*EXERCISE*:
Output the span of lines from the one that contains "接下来,必赢242net官网" through the end of the records, inclusive, exactly as written and free of pictures.

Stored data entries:
*** Block opens ***

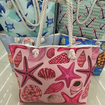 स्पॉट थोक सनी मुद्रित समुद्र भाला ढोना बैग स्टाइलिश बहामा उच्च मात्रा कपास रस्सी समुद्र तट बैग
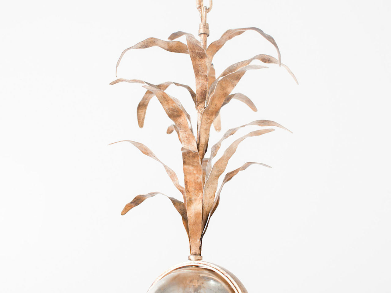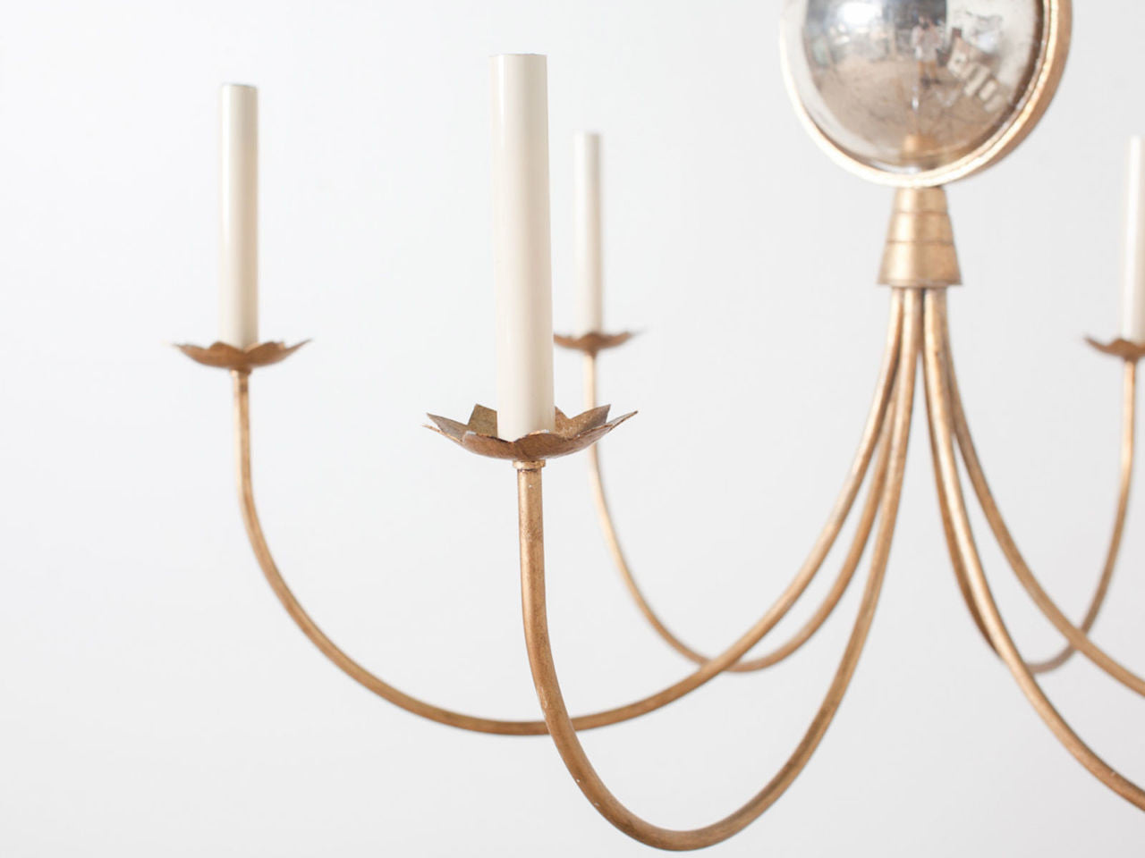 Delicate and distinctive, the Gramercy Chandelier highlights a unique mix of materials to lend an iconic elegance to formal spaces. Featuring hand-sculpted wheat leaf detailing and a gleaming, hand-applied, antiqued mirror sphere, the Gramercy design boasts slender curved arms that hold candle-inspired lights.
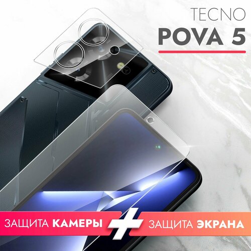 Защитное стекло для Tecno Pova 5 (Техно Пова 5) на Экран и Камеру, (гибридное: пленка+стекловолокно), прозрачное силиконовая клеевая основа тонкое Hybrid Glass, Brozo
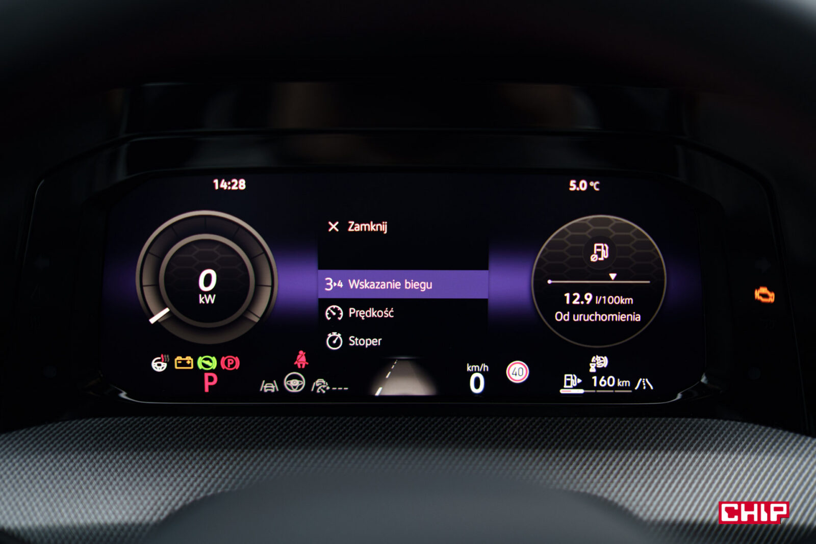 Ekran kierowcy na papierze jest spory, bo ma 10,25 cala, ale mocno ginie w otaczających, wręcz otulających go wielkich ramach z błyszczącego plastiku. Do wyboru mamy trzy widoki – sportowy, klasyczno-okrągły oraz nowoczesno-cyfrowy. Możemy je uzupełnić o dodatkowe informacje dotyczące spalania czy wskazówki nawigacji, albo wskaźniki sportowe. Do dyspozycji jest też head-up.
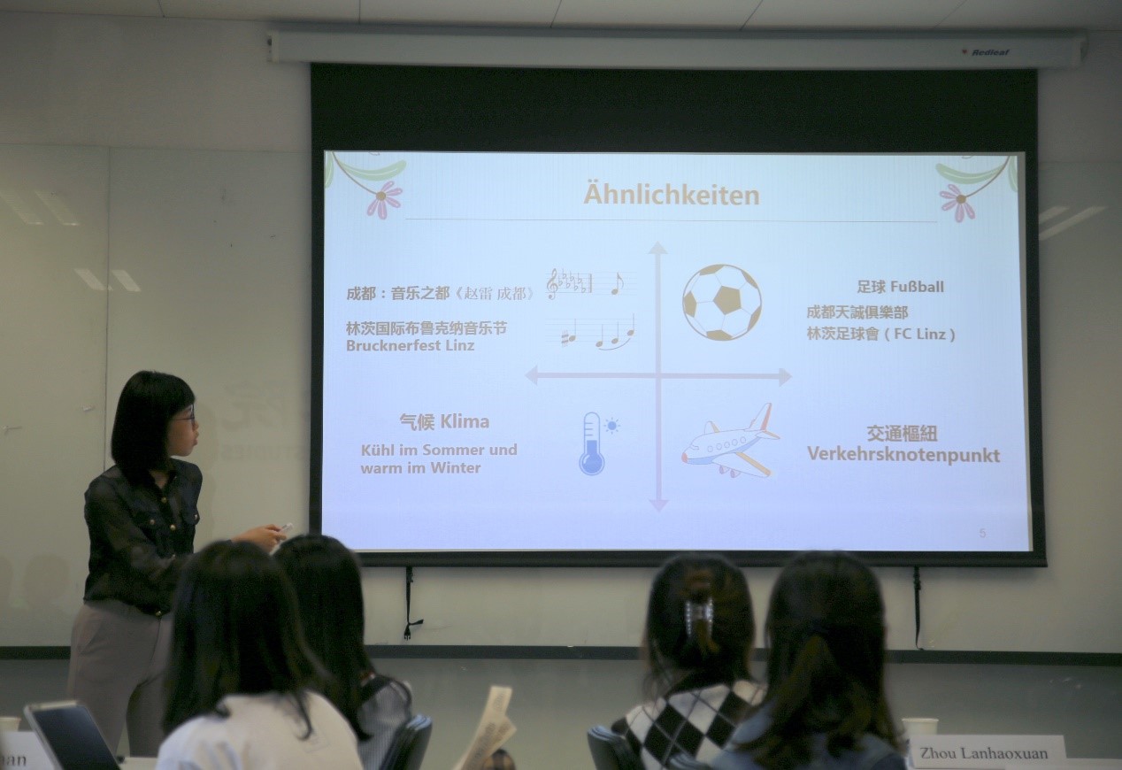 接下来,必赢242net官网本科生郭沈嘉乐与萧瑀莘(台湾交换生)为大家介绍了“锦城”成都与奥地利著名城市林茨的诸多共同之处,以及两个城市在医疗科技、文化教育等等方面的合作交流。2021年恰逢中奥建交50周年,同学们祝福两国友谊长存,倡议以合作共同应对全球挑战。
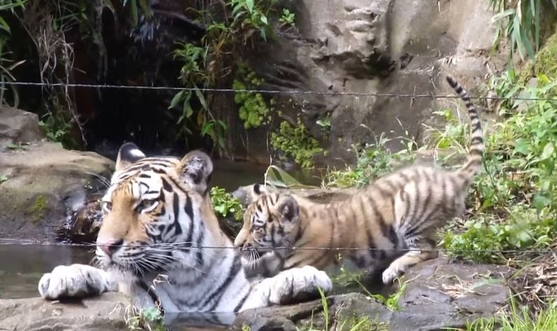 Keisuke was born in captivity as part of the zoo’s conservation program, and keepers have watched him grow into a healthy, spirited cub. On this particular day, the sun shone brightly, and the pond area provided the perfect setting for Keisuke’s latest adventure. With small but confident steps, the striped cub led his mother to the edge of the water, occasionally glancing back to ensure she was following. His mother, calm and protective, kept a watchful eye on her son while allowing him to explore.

*** Block closes ***

*TASK SOLUTION*:
 接下来,必赢242net官网本科生郭沈嘉乐与萧瑀莘(台湾交换生)为大家介绍了“锦城”成都与奥地利著名城市林茨的诸多共同之处,以及两个城市在医疗科技、文化教育等等方面的合作交流。2021年恰逢中奥建交50周年,同学们祝福两国友谊长存,倡议以合作共同应对全球挑战。
 Keisuke was born in captivity as part of the zoo’s conservation program, and keepers have watched him grow into a healthy, spirited cub. On this particular day, the sun shone brightly, and the pond area provided the perfect setting for Keisuke’s latest adventure. With small but confident steps, the striped cub led his mother to the edge of the water, occasionally glancing back to ensure she was following. His mother, calm and protective, kept a watchful eye on her son while allowing him to explore.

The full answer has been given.